Reuters was not immediately able to verify the battlefield reports.

NUCLEAR ANNEXATION

* Putin signed laws admitting the Donetsk People’s Republic, the Luhansk People’s Republic, Kherson region and Zaporizhzhia region into Russia in the biggest expansion of Russian territory in at least half a century.

* He also said Russia would stabilise the situation in the regions, indirectly acknowledging the challenges it faces to assert its control.

* Ukrainian President Volodymyr Zelenskiy accused Russia on Thursday of “nuclear blackmail” over its seizure of the Zaporizhzhia power plant in southern Ukraine.

* The Kremlin said it was preparing to welcome the head of the United Nations nuclear watchdog, the International Atomic Energy Agency (IAEA), to Moscow soon.

NEW SANCTIONS

* Russian President Vladimir Putin said he expected sanctions pressure on the Russian economy to intensify, in televised remarks from a meeting with government officials.

* The European Union gave its final approval for a new batch of sanctions, the bloc’s executive arm said.
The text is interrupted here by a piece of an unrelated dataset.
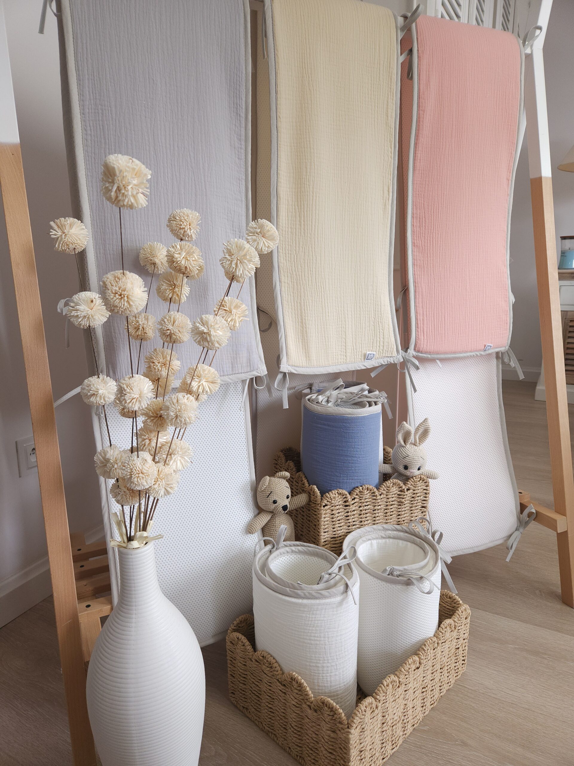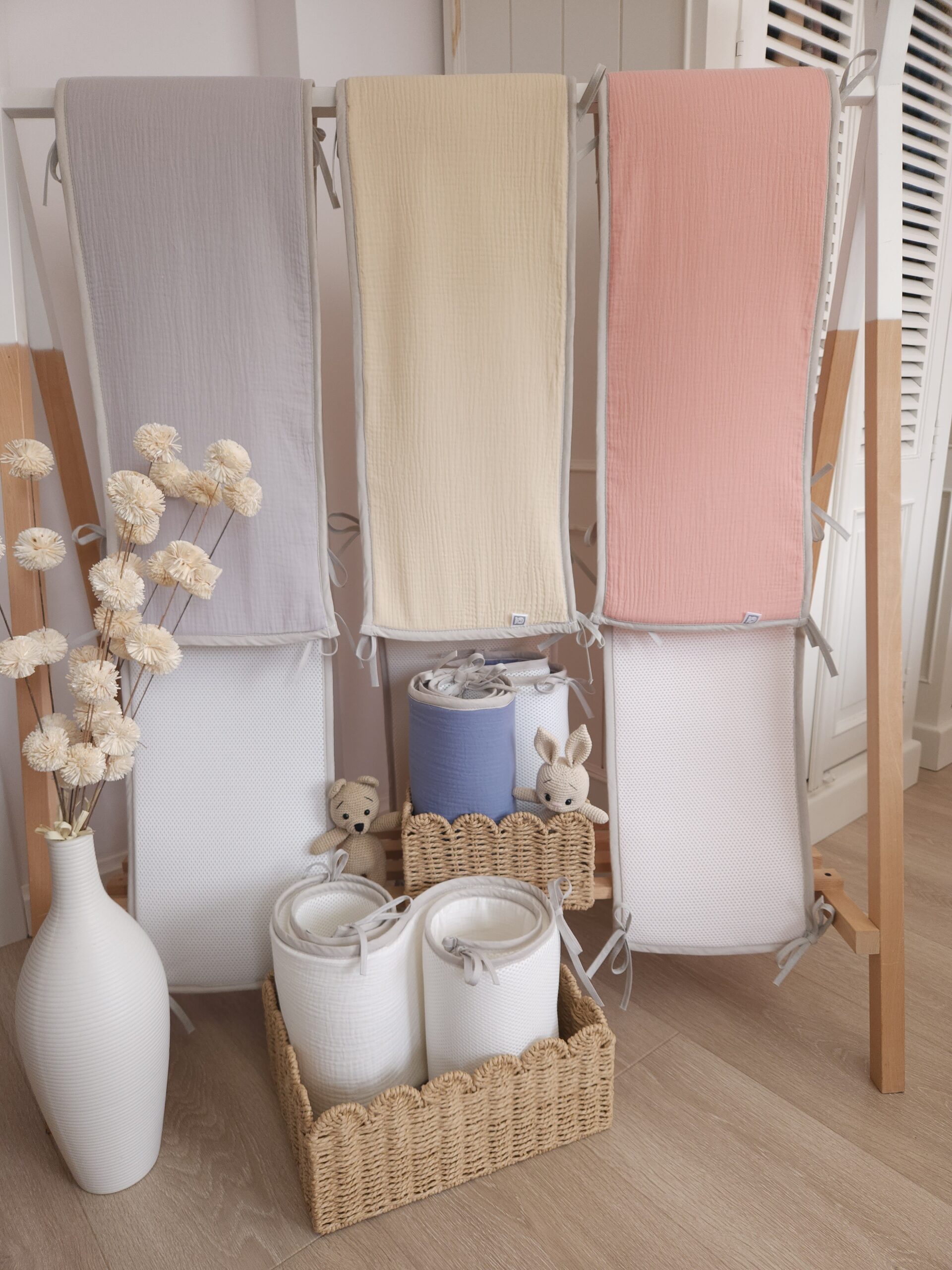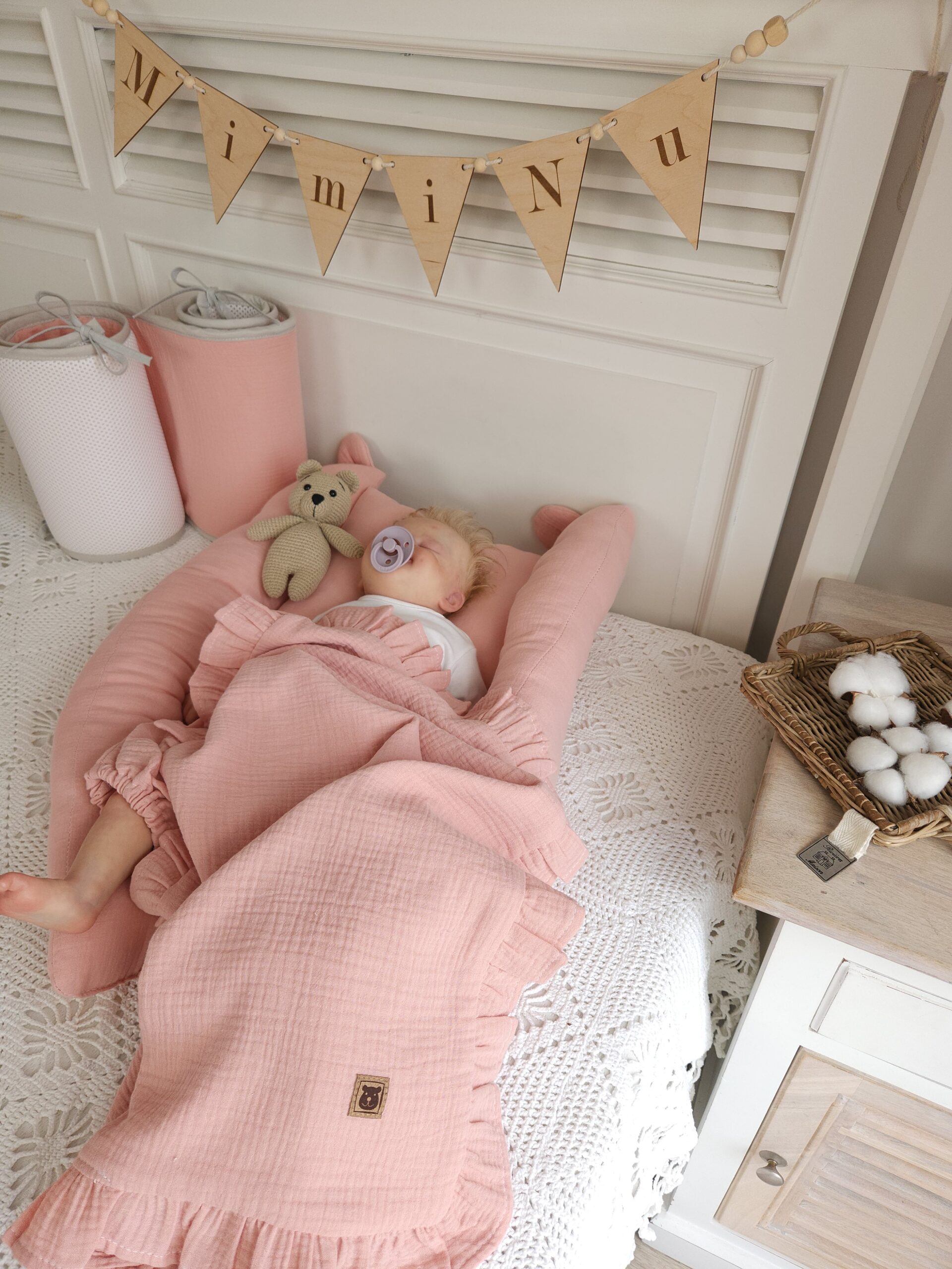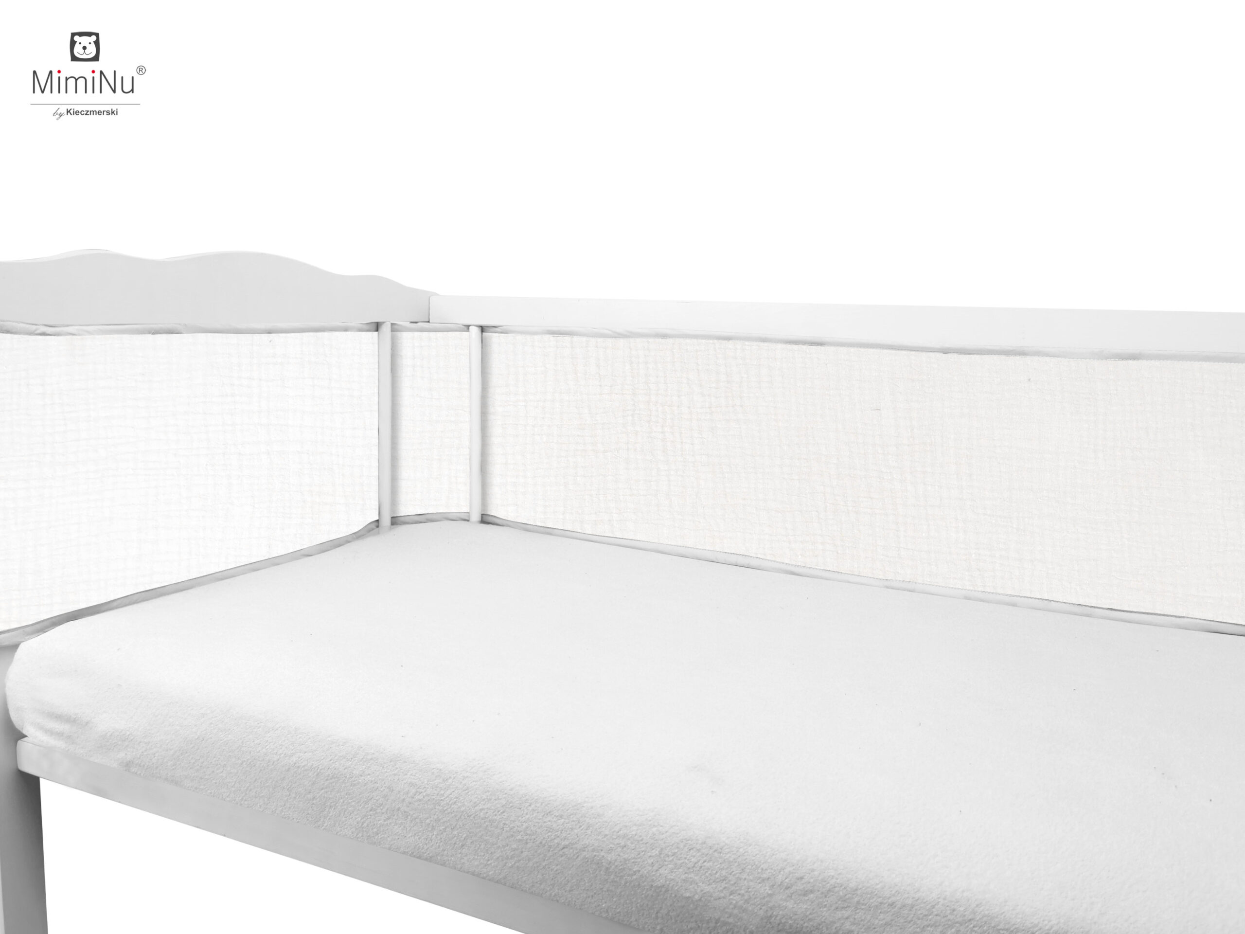 Ochraniacz Oddychający wykonany z mięciutkiej siateczki i naturalnej tkaniny bawełnianej - muślin bawełniany.

They include more limits on trade with Russia in steel and tech products, and an oil price cap for Russian seaborne crude deliveries through European insurers to align the EU with Washington.

ENERGY

* A crime scene investigation of the damages on the Nord Stream 1 and 2 gas pipelines has strengthened suspicions of “gross sabotage”, Swedish security police.

* Russian Deputy Prime Minister Alexander Novak said Russia may cut oil production to offset negative effects from price caps imposed by the West over Moscow’s actions in Ukraine.

* Europe may limp through the cold winter months with the help of brimming natural gas tanks despite a plunge in deliveries from Russia only to enter a deeper energy crisis next year, the head of the International Energy Agency said.

DIPLOMACY

* The Kremlin denied reports that 700,000 Russians have fled the country since Moscow announced a mobilisation drive to call up hundreds of thousands to fight in Ukraine.

* U.S. intelligence agencies believe parts of the Ukrainian government authorised a car bomb attack near Moscow in August that killed Darya Dugina, the daughter of a prominent Russian nationalist, the New York Times reported.